Because of their reduced size, antibody fragments usually penetrate tumours much more rapidly and efficiently than full IgG, but this benefit is counterbalanced by a very short serum half-life that decreases the overall tumour uptake of these small molecules (Table 2). Several academic groups and companies are investigating alternative approaches to increase the serum half-life of antibody fragments, the most promising one being the chemical addition of polyethylene glycol (PEG) residues, which considerably increase the size of the fragments. An example is the certolizumab pegol (Blick and Curran, 2007), a recently approved anti-TNFα PEGylated Fab fragment that has a 14 day serum half-life. PEG linkage (PEGylation) is very efficient for increasing the half-life and scFv stability, conferring improved anti-tumour activity and apparently also reducing immunogenicity (Holliger and Hudson, 2005). Improved circulation time and accumulation in tumours has been demonstrated with PEGylated scFv fragments, tandem scFv (two scFvs linked with a flexible linker) and diabodies. However, these chemical modifications sometimes lead to partial inactivation or decreased affinity of the fragment, and several alternatives are currently being explored. For example, fusion of recombinant antibody fragments to human serum albumin (HSA) can be used to increase the serum half-life without affecting the binding and activity of the fragments, unlike PEGylation. HSA is not eliminated by the kidneys and is actively recycled by its interaction with neonatal receptor FcRn. Fusion proteins containing HSA have been obtained with scFv, tandem scFv and diabodies and showed a large increase in circulation time (Muller et al., 2007).

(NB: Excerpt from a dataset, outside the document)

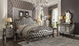 Versailles II - Queen Bed - Silver Synthetic Leather & Antique Platinum
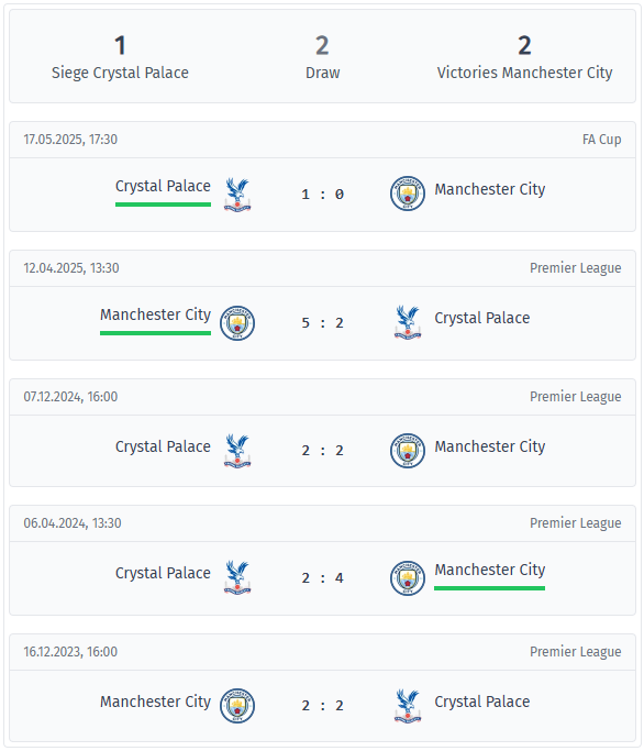 În ultimele cinci întâlniri din 2023 până în 2025, Manchester City a avut un ușor avantaj, cu două victorii, Crystal Palace a câștigat un meci, iar două s-au terminat la egalitate. Cel mai remarcabil rezultat datează din mai 2025, când Palace a câștigat finala Cupei FA cu 1-0, la doar o lună după ce City i-a învins cu 5-2 în campionat, în aprilie 2025. Golurile au fost o constantă, scorul total în această perioadă fiind de 13-9 în favoarea lui City, iar în patru meciuri s-au marcat cel puțin patru goluri. Doar finala din mai 2025 a rupt această tendință, cu un scor strâns de 1-0, iar cele două egaluri din 2023 și 2024 s-au terminat cu 2-2, ceea ce demonstrează încă o dată cât de des ambele linii ofensive reușesc să înscrie. Din punct de vedere defensiv, City a primit goluri în toate cele cinci meciuri, iar Palace în patru, ceea ce confirmă ideea unui duel deschis. Reprizele a doua au fost deosebit de animate, în patru din cele cinci întâlniri fiind marcate cel puțin două goluri, iar în trei dintre ele cel puțin trei. Palace a marcat în trei meciuri consecutive după pauză, iar City a reușit acest lucru în majoritatea întâlnirilor. În partea din Premier League a acestor dueluri recente, City este neînvinsă, cu două victorii și două egaluri, marcând cel puțin de două ori în fiecare meci. Momentul de glorie al lui Palace a fost finala Cupei FA din mai 2025, victoria cu 1-0 care a decis trofeul într-un singur meci. Este posibil ca ambele echipe să se bazeze pe aceste amintiri, City pe dominarea ligii, Palace pe dovada că le poate face rău.

Interestingly, similar results were obtained by fusing antibody fragments to HSA-binding peptides or proteins. The half-life of an anti-HER2 Fab fragment (derived from trastuzumab) could be increased 10–15-fold by fusing it to short HSA binding peptides selected by phage display. The resulting Fab fragments outperformed the parental IgG in vivo, in terms of efficacy, targeting, tumour accumulation and retention and tumour to blood ratio (Nguyen et al., 2006). Similarly, the group of Ian Tomlinson isolated human dAbs of 12 kDa directed against albumin (albudAbs) (Holt et al., 2008). The serum half-life of these fragments was extended from 45 min to the half-life of their targets (53 h for rats, 35 h in mice), and this extended half-life was conferred to a fused partner such as IL-1. The group of Roland Kontermann improved the circulation time of a single-chain diabody by a factor of 6 by fusing it to an albumin-binding domain from streptococcal protein G (Stork et al., 2007). The same laboratory also fused a tag displaying several N-glycosylation motifs to a single-chain diabody and produced glycosylated diabodies after expression in transfected HEK293 cells (Stork et al., 2008). The half-life of these molecules was increased by a factor of 2–3, albeit at the cost of reduced activity of the fragment in a target cell-dependent IL-2 release assay.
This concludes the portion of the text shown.